- Coat of arms
- Location of Zimmern ob Rottweil within Rottweil district
- Location of Zimmern ob Rottweil
- Zimmern ob Rottweil Zimmern ob Rottweil
- Coordinates: 48°10′05″N 08°35′28″E﻿ / ﻿48.16806°N 8.59111°E
- Country: Germany
- State: Baden-Württemberg
- Admin. region: Freiburg
- District: Rottweil

Government
- • Mayor (2017–25): Carmen Merz

Area
- • Total: 33.76 km^{2} (13.03 sq mi)
- Elevation: 663 m (2,175 ft)

Population (2023-12-31)
- • Total: 6,425
- • Density: 190.3/km^{2} (492.9/sq mi)
- Time zone: UTC+01:00 (CET)
- • Summer (DST): UTC+02:00 (CEST)
- Postal codes: 78658
- Dialling codes: 0741
- Vehicle registration: RW
- Website: www.zimmern-or.de

= Zimmern ob Rottweil =

Zimmern ob Rottweil (/de/, lit. 'Zimmern above Rottweil') is a municipality in the district of Rottweil, in Baden-Württemberg, Germany. The municipality includes the former independent municipalities Zimmern ob Rottweil, Flözlingen, Horgen and Stetten ob Rottweil. Zimmern is located on a plateau over the upper Neckar valley, the villages Horgen, Stetten and Flözlingen are located in the Eschach valley.

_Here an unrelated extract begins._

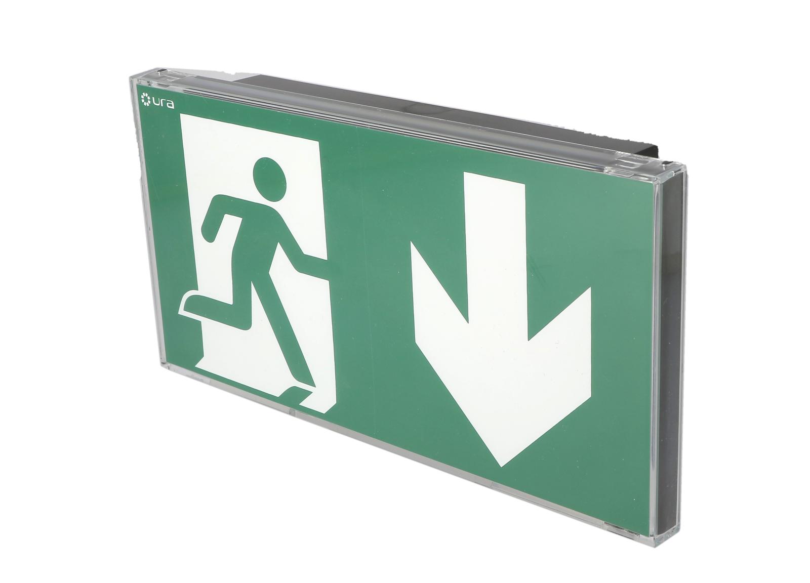Un Design Noir parfaitement intégré, réduit à sa simple fonction avec un pictogramme d'évacuation lumineux sans bordure éclairé uniformément
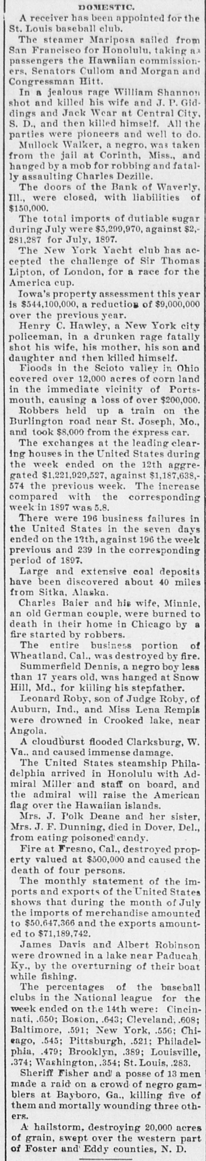 DOMESTIC. A receiver has been appointed for the St. Louis baseball club. The steamer Mariposa sailed from San Francisco for Honolulu, taking as passengers the Hawniian commissioners. Senators Cullom and Morgan and Congressman Hitt. In a jealous rage William Shannon shot and killed his wife and J. P.Gid dings and Jack Wear at Central City, S.D., and then killed himself. All the parties were do. a was Mullock Walker, pioneers negro, and well to taken from the jail at Corinth, Miss., and hanged by a mob for robbing and fatally assaulting Charles Dezille. The doors of the Bank of Waverly, Ill., were closed, with liabilities of $150,000. The total imports of dutiable sugar during July were $5,299,970, against $2,281,287 for July, 1897. The New York Yacht club has accepted the challenge of Sir Thomas Lipton, of London, for a race for the America cup. Iowa's property assessment this year is $544,100,000, a reduction of $9,000,000 over the previous year. Henry C. Hawley, a New York city policeman, in a drunken rage fatally shot his wife, his mother, his son and daughter and then killed himself. Floods in the Scioto valley in Ohio covered over 12,000 acres of corn land in the immediate vicinity of Portsmouth, causing a loss of over $200,000. Robbers held up a train on the Burlington road near St. Joseph, Mo., and took $8,000 from the express car. The exchanges at the leading clearing houses in the United States during the week ended on the 12th aggregated $1,221,929,527. against $1,187,638, 574 the previous week. The increase compared with the corresponding week in 1897 was 5.8. There were 196 business failures in the United States in the seven days ended on the 12th, against 196 the week previous and 239 in the corresponding period of 1897. Large and extensive coal deposits have been discovered about 40 miles from Sitka, Alaska. Charles Baier and his wife, Minnie, an old German couple, were burned to death in their home in Chicago by a fire started by robbers. The entire business portion of Wheatland, Cal., was destroyed by fire. Summerfield Dennis, a negro boy less than 17 years old, was hanged at Snow Hill, Md., for killing his stepfather. Leonard Roby, son of Judge Roby, of Auburn, Ind., and Miss Lena Rempis were drowned in Crooked lake, near Angola. A cloudburst flooded Clarksburg, W. Va. and caused immense damage. The United States steamship Philadelphia arrived in Honolulu with Admiral Miller and staff on board, and the admiral will raise the American flag over the Hawaiian islands. Mrs. J. Polk Deane and her sister, Mrs. J. F. Dunning, died in Dover, Del., from eating poisoned candy. Fire at Fresno, Cal., destroyed property valued at $500,000 and caused the death of four persons. The monthly statement of the imports and exports of the United States shows that during the month of July the imports of merchandise amounted to $50,647,366 and the exports amounted to $71,189,742. James Davis and Albert Robinson were drowned in a lake near Paducah Ky., by the overturning of their boat while fishing. The percentages of the baseball clubs in the National league for the week ended on the 14th were: Cincinnati, .650; Boston, .643; Cleveland,608; Baltimore, .591; New York, .556: Chieago, .545; Pittsburgh, .521; Philadelphia, .479; Brooklyn, .389; Louisville, .374; Washington, 354; St. Louis, .283. Sheriff Fisher and a posse of 13 men made a raid on a crowd of negro gamblers at Bayboro, Ga., killing five of them and mortally wounding three others. A hailstorm, destroying 20,000 acres of grain, swept over the western part of Foster and Eddy counties, N.

==Nearby towns and municipalities==

The following towns and municipalities border Zimmern ob Rottweil:

Rottweil, Deißlingen, Niedereschach, Königsfeld im Schwarzwald, Eschbronn, Dunningen, Villingendorf

==History==
The first reference of Zimmern ob Rottweil dates back to 1275 AD, Flözlingen was mentioned for the first time in 779 AD, Horgen in 1306 AD, Setten ob Rottweil in 882 AD. There are archaeological proofs for Roman and Celtic settlements on the area of the contemporary municipality.